Icestar shook her head. "Oh no, he fell off a cliff." Her face was stony, but inside she smiled. It was a little bit funny, when you looked at it from her angle. Just a bit.
The breath left Sparrowtail's lungs with a woosh. She dropped her paw, mashing the cobwebs into the dirt. "I don't understand you," she murmured. Her eyes were flat, mystified. "I'm afraid of you."
"Good." Icestar flexed her right hind leg, and unsheathed her claws. She scraped them luxuriously against the earthen walls of the den, bringing down a little shower of dirt and pebbles. "You should be afraid of me. I'm the leader of ThunderClan."
"And I'm the medicine cat now, I suppose," Sparrowtail said bitterly. She did a good job of hiding her grief for Shortwhisker, better than Icestar expected. Perhaps there was more strength in the timid she-cat than she had suspected, or perhaps Shortwhisker really had been less than pleasant company.
"Yes. I'll do the ceremony later, when everyone is back and the news has spread. No body, though, I'm afraid. No burial ceremonies." She inclined her head in mock sorrow. "We'll hold a vigil tonight for them both. I hope you'll say some kind words for Shortwhisker. God knows who will speak for Whitefoot." She snorted.
"Shortwhisker was her father," Sparrowtail said quietly. "And Quickstep's brother. Did you know that?"
Icestar hesitated. That did make her feel a little bit guilty, but only a little bit. "No, I didn't. I'm very sorry. I didn't know that he had a mate before he became medicine cat, or a sister. I wish I had known him better."
"I do too. Then maybe you wouldn't have killed him. He didn't deserve that, Icestar," mewed Sparrowtail.
A gust of wind rustled the lichen curtain as Icestar lunged to her feet and brought her claws down whip-quick along Sparrowtail's cheek. The medicine cat hissed and recoiled. Drops of hot blood fell onto the moss of Icestar's nest. The tortoiseshell she-cat cowered, eyes closed, before Icestar's wrath.

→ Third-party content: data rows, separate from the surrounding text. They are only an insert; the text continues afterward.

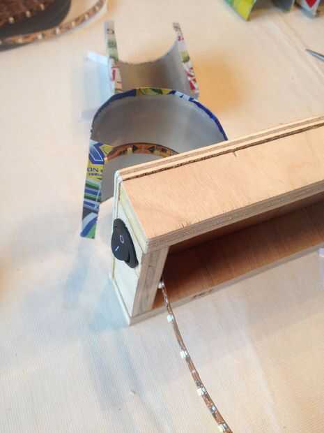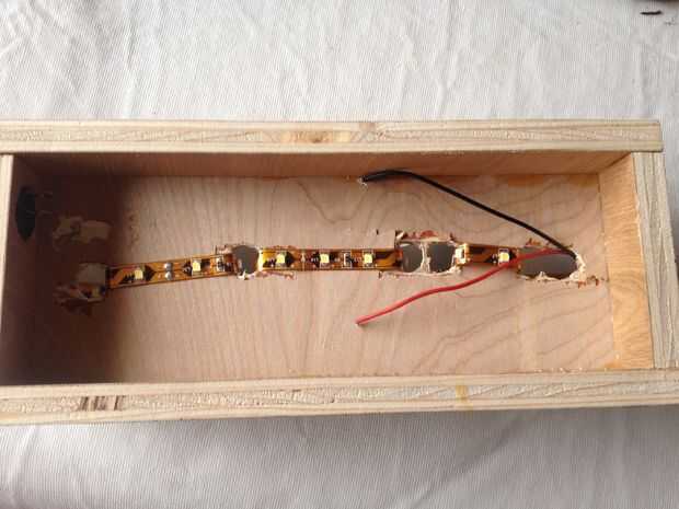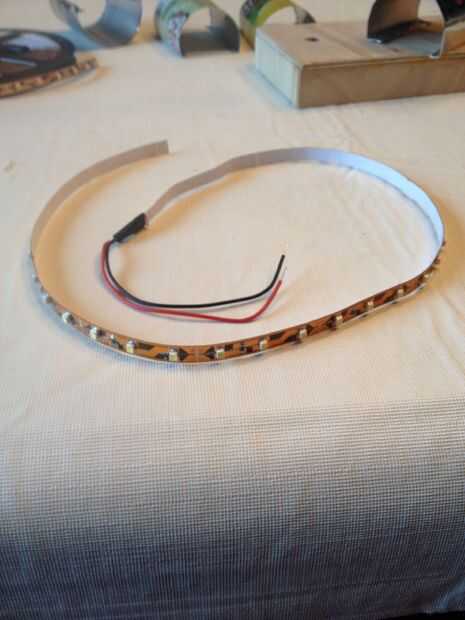 Cortar alrededor de 30 pulgadas de la tira de luz LED, asegurándose de que uno de los extremos tiene los cables conectados a él. Luego, retire el adhesivo y pegar los LEDs en el interior de la can. El LED por el agujero que perforó y repita para el resto de las latas de la armadura. Derecha ahora es un buen momento para poner el interruptor de eje de balancín en también. Pegamento caliente las lengüetas de las latas a la base.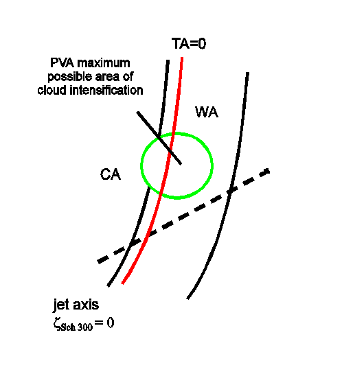 There is relatively weak warm advection ahead of the Cold Front, and pronounced cold advection behind it.- Ana Cold Front: cloudiness usually lies within CA, TA=0 ahead of cloud band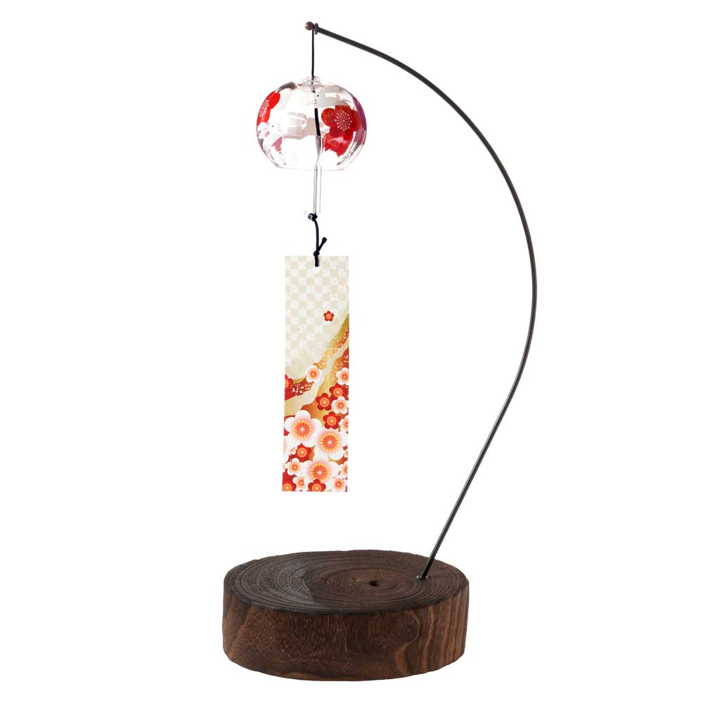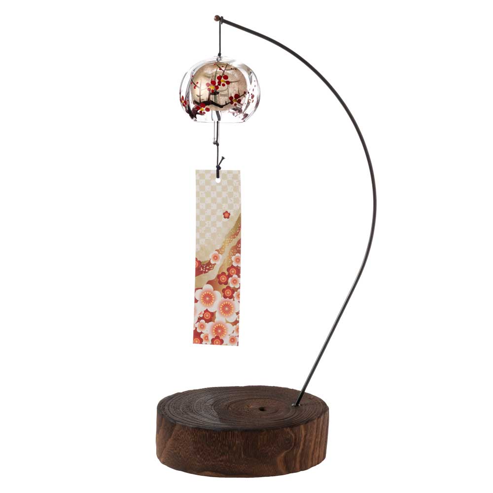 木之本 ぎやまん匠風鈴+スタンドセット 金・銀梅 室内卓上飾り用 クリスタルガラス ハンドクラフト 和風和柄のウィンドチャイム 日...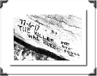 The police searched three caves that are pretty well hidden from sight but are known to be n the area near Camp Scott. Police dogs located one of the caves, two miles from camp, where police found evidence linked to the murders: a flashlight battery, newspapers from the same edition of the Tulsa World, eyeglasses that were apparently stolen from the camp, duct tape that matched the kind found on the girls’ bodies, and two photos of women. Additionally, on the wall of a nearby cave was written: “The killer was here. Bye bye fools. 77-6-17.”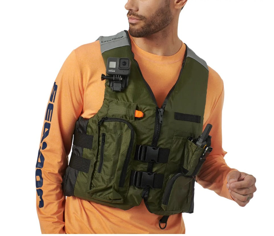 Get outside while staying safe in the Sea-Doo Explorer PFD Life Jacket. Built to last with serious outdoor explorations in mind, this PFD is crafted with expandable polyethylene foam encased in heavy-duty, rip-stop nylon material. Make sure you have your camera ready in the camera mount, while you can move easily thanks to large-cut armholes. Plus, sitting comfort is enhanced with the segmented foam pad at the back. Other key features include multiple storage pockets so your essentials are close at hand, and an easy-access loop at the back of the neck to attach your goggles to. Grab this Coast Guard approved PFD and enjoy the great outdoors!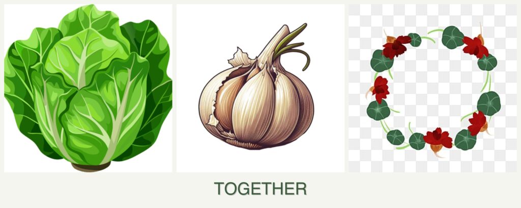 Planting lettuce, garlic, and nasturtiums together offers several advantages: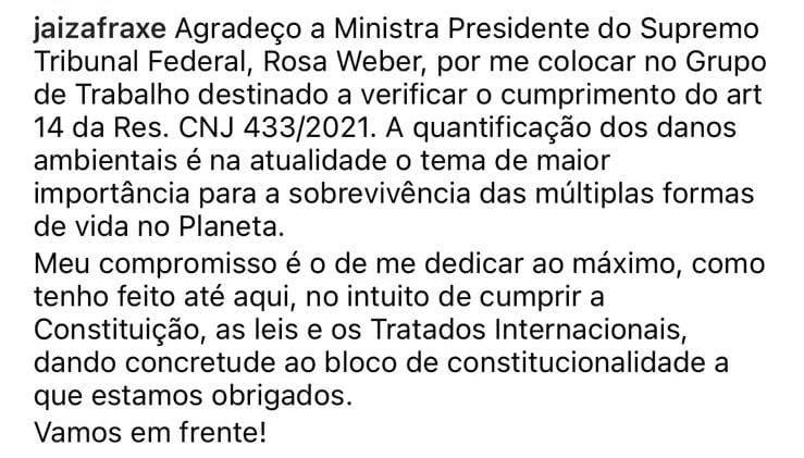 Nas redes sociais, a juíza Jaiza Fraxe agradeceu à ministra Rosa Weber pela indicação. Além disso, a magistrada afirmou que o tema no qual vai atuar é essencial e um dos mais importantes para a manutenção das próximas gerações.

"You will never speak to me that way again. See that Quickstep is informed of her brother's death. Tell her how he bravely tried to defend me from a giant, attacking dog. Tell her how he was pushed tragically from the edge of the cliff while he fought the creature. Tell her he will be remembered as a courageous member of ThunderClan, and wise medicine cat. As I assume you are, also." She leveled an ice-shard stare at the small tortoiseshell, hunched close to the earthen floor, and waited.
Sparrowtail breathed very faintly, her eyes fixed on the opposite wall. She seemed to be wrestling with some decision, but Icestar was not worried. There was nothing in the little she-cat that could surprise her, despite her brave words. Fear was a powerful tool, and Icestar wielded it with all the clever precision of a master.
"Yes," whispered Sparrowtail finally. "I'll tell her." She slunk away, tail dragging in the dust, and left her wad of cobwebs stuck to the floor and the herbs scattered underfoot. Sighing, Icestar swept them into a corner with a flick of her tail, bent her nose to tidy the moss of her nest, and finally curled up on the soft pillow. The tension in her muscles drained slowly as she settled, but sleep did not come. Yellow sunlight intruded through the lichen curtain, and Icestar began to imagine voices lifted in anger outside the mouth of the den. Was it possible that any cat might guess the truth? There were some who were not so dim-witted as old Whitefoot. Perhaps she was foolish to underestimate them… But no, she thought. They underestimate me.